● **Material shown**:
--------

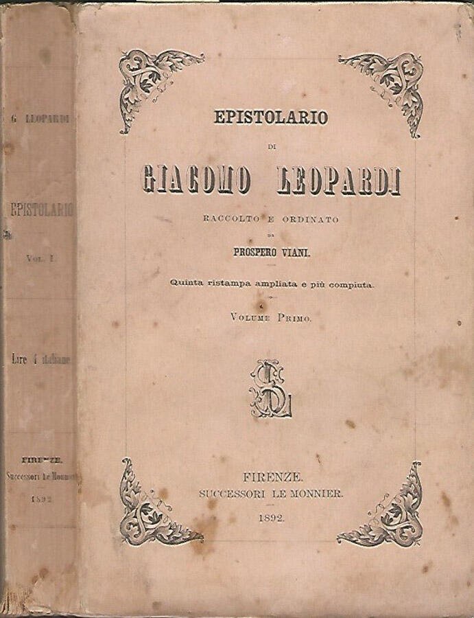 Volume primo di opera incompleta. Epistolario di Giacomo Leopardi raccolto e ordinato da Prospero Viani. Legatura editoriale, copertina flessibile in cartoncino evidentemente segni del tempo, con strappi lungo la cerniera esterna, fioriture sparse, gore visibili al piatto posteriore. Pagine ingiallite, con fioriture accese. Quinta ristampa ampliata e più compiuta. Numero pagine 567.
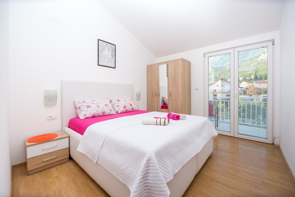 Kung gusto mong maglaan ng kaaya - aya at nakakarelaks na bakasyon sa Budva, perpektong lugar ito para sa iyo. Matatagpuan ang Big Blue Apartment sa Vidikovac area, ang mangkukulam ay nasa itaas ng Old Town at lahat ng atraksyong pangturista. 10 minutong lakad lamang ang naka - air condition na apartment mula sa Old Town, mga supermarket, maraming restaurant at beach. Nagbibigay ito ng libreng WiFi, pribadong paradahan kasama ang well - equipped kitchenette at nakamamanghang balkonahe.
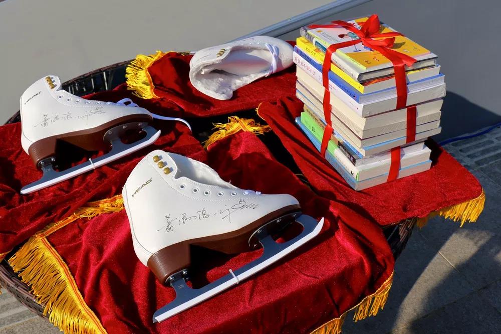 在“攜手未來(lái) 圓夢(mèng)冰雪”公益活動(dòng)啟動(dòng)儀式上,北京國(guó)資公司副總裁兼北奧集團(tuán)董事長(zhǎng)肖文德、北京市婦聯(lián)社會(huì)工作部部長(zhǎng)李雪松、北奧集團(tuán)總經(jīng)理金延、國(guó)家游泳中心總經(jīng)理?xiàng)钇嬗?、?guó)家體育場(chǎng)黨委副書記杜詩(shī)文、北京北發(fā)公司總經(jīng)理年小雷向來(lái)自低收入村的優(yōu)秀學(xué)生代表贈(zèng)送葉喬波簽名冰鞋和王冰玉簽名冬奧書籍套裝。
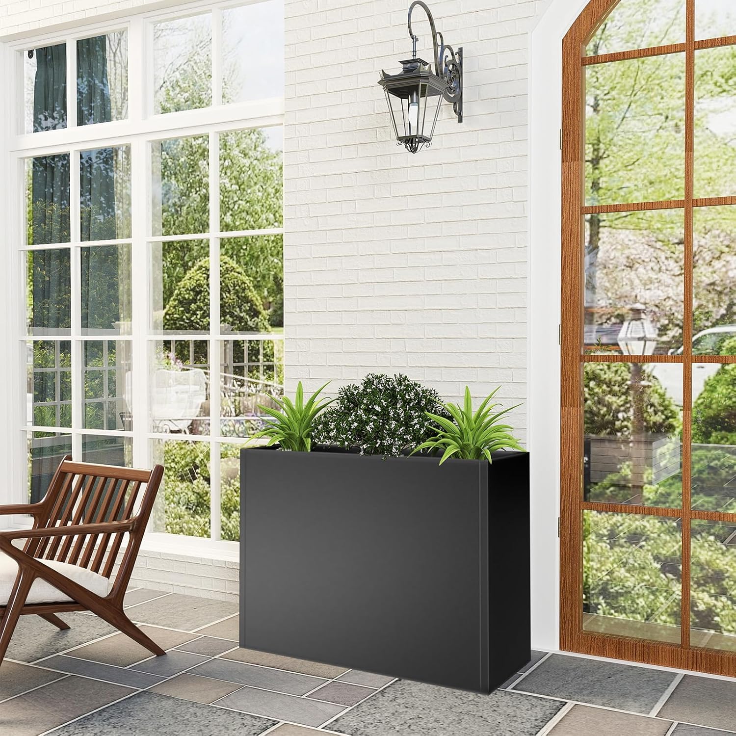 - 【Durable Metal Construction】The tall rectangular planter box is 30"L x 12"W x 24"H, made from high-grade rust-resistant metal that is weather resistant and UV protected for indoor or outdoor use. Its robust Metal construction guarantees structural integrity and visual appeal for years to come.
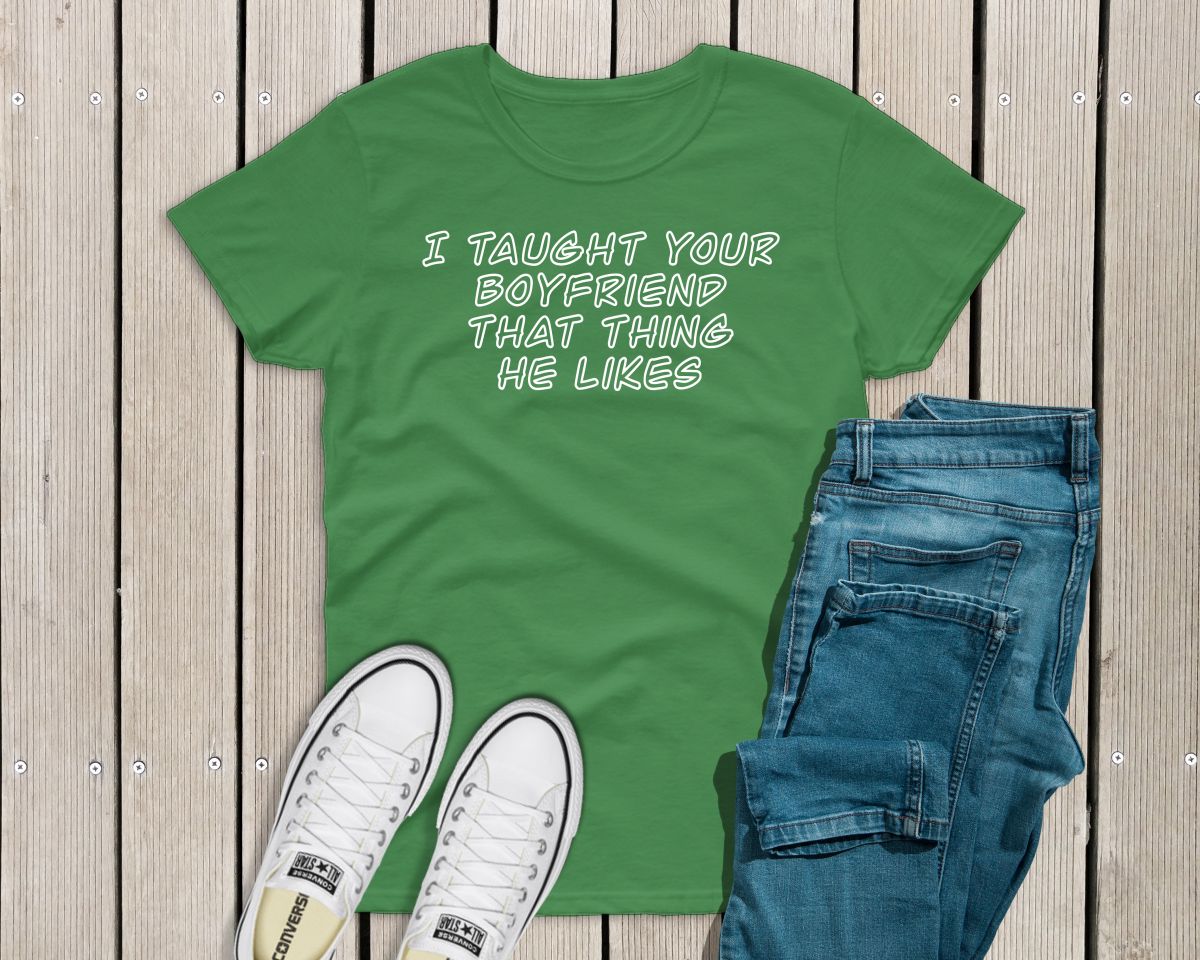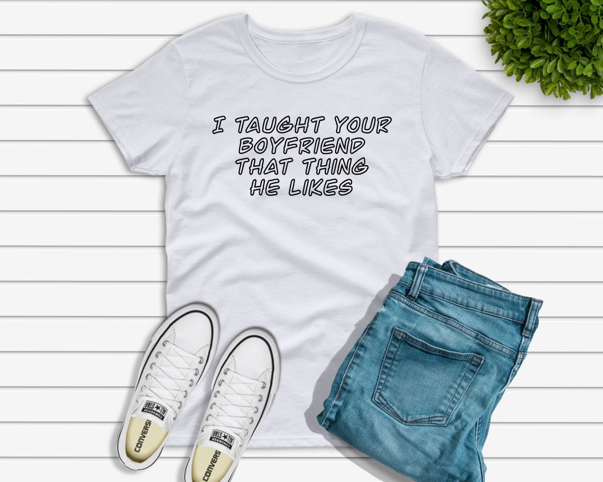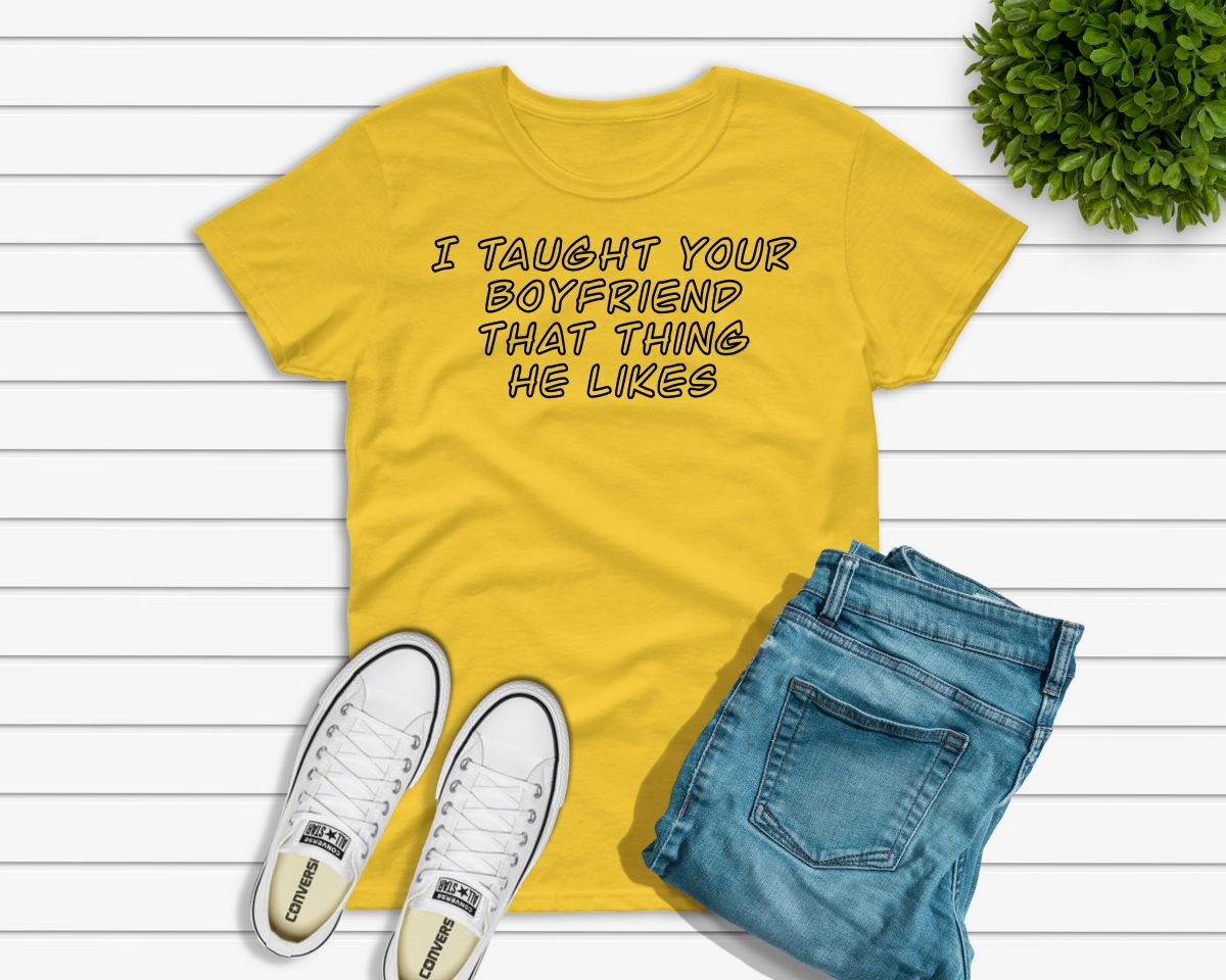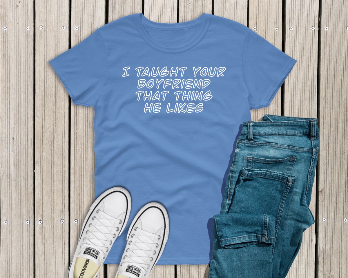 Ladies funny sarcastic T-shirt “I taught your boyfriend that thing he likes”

--------

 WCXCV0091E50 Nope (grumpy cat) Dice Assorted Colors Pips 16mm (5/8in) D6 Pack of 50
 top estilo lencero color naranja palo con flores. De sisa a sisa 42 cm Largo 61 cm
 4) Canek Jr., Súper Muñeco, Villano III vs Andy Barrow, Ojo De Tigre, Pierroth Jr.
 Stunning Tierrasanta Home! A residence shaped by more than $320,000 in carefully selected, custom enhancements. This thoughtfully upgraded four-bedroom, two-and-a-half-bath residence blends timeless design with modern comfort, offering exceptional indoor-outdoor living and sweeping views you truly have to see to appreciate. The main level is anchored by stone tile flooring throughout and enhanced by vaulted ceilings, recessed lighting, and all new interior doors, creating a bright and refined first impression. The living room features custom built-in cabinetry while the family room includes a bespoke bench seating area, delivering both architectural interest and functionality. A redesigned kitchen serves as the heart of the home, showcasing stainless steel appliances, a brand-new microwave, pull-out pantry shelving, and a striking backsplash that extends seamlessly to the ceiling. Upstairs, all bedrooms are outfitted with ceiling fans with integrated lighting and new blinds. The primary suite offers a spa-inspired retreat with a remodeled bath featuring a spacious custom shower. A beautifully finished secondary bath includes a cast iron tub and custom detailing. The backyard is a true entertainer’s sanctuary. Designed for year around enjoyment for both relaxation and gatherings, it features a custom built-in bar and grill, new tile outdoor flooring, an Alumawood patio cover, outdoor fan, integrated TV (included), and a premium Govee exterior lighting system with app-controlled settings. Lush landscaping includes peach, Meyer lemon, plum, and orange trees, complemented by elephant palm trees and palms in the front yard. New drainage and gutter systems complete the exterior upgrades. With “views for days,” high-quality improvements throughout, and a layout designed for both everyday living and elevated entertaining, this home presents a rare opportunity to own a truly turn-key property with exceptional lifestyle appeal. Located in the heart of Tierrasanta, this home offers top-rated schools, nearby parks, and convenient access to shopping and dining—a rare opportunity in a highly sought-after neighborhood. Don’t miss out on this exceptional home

--------

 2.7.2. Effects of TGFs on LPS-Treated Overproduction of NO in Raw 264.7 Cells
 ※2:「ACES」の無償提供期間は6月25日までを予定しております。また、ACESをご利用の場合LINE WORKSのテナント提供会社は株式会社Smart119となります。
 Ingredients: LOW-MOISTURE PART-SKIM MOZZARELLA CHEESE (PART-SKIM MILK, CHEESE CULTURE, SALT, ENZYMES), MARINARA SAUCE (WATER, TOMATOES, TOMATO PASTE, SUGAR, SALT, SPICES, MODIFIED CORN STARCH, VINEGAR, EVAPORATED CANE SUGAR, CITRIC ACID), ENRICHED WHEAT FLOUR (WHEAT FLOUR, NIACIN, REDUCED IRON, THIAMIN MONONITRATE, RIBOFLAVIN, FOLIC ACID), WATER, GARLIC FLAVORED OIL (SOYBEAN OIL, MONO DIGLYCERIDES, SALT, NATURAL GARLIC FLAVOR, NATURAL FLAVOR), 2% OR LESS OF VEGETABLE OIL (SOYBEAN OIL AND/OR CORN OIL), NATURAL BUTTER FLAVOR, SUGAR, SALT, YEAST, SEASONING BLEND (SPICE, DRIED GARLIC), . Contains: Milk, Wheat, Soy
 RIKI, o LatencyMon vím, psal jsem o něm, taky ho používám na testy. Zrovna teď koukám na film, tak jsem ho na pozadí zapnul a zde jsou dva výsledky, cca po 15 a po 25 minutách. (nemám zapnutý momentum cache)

--------

● **What is required**: When you reach the line holding "WCXCV0091E50 Nope (grumpy" in the records above, begin reproducing exactly, stop after the line holding "top estilo lencero", and output nothing else.

● **Reply**:
 WCXCV0091E50 Nope (grumpy cat) Dice Assorted Colors Pips 16mm (5/8in) D6 Pack of 50
 top estilo lencero color naranja palo con flores. De sisa a sisa 42 cm Largo 61 cm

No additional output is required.